[To do] Using the material below, return exactly the lines between the one holding "La obra de 13" and the one holding "兑换任意奖项,获得60粘合剂 神赐秩序宝箱x200 专家手札x30", inclusive, and no others.

━━━━━ Dataset

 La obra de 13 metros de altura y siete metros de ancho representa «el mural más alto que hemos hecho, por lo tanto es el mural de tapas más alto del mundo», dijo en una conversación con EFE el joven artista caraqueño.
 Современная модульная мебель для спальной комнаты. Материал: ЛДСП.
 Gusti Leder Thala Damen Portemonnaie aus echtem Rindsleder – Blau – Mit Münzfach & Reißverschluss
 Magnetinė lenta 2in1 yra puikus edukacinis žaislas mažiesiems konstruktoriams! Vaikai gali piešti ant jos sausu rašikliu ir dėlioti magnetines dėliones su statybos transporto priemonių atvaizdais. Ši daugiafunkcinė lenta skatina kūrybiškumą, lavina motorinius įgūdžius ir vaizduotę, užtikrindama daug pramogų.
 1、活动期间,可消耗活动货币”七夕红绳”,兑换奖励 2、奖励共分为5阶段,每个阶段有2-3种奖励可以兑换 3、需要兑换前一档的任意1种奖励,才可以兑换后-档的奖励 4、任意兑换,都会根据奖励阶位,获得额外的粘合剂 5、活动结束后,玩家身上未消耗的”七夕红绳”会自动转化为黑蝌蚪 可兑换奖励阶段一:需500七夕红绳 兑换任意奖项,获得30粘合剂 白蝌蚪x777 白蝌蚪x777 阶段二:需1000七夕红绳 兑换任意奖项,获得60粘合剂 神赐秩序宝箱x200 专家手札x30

━━━━━━━━━━
━━━━━ Dataset

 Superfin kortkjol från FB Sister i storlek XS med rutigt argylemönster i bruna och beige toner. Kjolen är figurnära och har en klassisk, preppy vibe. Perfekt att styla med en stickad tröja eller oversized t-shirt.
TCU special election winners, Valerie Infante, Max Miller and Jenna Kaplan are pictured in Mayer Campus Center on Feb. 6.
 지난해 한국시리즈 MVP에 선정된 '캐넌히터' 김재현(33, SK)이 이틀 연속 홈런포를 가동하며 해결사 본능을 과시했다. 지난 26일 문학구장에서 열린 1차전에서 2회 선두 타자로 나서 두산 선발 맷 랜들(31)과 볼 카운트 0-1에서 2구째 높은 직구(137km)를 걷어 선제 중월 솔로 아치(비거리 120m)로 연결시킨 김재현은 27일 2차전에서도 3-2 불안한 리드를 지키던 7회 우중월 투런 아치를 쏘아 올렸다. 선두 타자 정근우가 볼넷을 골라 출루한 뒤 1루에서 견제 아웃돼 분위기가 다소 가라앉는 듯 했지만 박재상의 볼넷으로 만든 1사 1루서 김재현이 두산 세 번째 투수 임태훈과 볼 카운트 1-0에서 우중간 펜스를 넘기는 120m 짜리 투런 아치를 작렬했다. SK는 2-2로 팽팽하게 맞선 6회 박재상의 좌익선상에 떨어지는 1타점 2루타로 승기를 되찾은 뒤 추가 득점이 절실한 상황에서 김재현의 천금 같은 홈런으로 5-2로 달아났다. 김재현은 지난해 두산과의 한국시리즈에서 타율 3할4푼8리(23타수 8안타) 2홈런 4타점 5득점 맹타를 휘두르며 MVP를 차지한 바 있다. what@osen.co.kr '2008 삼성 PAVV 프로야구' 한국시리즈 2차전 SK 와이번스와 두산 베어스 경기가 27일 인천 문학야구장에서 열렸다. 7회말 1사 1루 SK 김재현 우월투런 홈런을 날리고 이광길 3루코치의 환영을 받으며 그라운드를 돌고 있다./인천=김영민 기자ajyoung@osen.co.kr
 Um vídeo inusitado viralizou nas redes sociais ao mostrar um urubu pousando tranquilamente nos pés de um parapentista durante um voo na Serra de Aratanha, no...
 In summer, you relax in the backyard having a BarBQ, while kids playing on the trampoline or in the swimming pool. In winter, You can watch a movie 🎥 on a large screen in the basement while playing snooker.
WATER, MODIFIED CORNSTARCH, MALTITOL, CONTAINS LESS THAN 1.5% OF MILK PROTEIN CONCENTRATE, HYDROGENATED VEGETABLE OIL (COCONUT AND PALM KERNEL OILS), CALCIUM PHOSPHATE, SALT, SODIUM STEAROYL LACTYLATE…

━━━━━━━━━━

[Solution]
 La obra de 13 metros de altura y siete metros de ancho representa «el mural más alto que hemos hecho, por lo tanto es el mural de tapas más alto del mundo», dijo en una conversación con EFE el joven artista caraqueño.
 Современная модульная мебель для спальной комнаты. Материал: ЛДСП.
 Gusti Leder Thala Damen Portemonnaie aus echtem Rindsleder – Blau – Mit Münzfach & Reißverschluss
 Magnetinė lenta 2in1 yra puikus edukacinis žaislas mažiesiems konstruktoriams! Vaikai gali piešti ant jos sausu rašikliu ir dėlioti magnetines dėliones su statybos transporto priemonių atvaizdais. Ši daugiafunkcinė lenta skatina kūrybiškumą, lavina motorinius įgūdžius ir vaizduotę, užtikrindama daug pramogų.
 1、活动期间,可消耗活动货币”七夕红绳”,兑换奖励 2、奖励共分为5阶段,每个阶段有2-3种奖励可以兑换 3、需要兑换前一档的任意1种奖励,才可以兑换后-档的奖励 4、任意兑换,都会根据奖励阶位,获得额外的粘合剂 5、活动结束后,玩家身上未消耗的”七夕红绳”会自动转化为黑蝌蚪 可兑换奖励阶段一:需500七夕红绳 兑换任意奖项,获得30粘合剂 白蝌蚪x777 白蝌蚪x777 阶段二:需1000七夕红绳 兑换任意奖项,获得60粘合剂 神赐秩序宝箱x200 专家手札x30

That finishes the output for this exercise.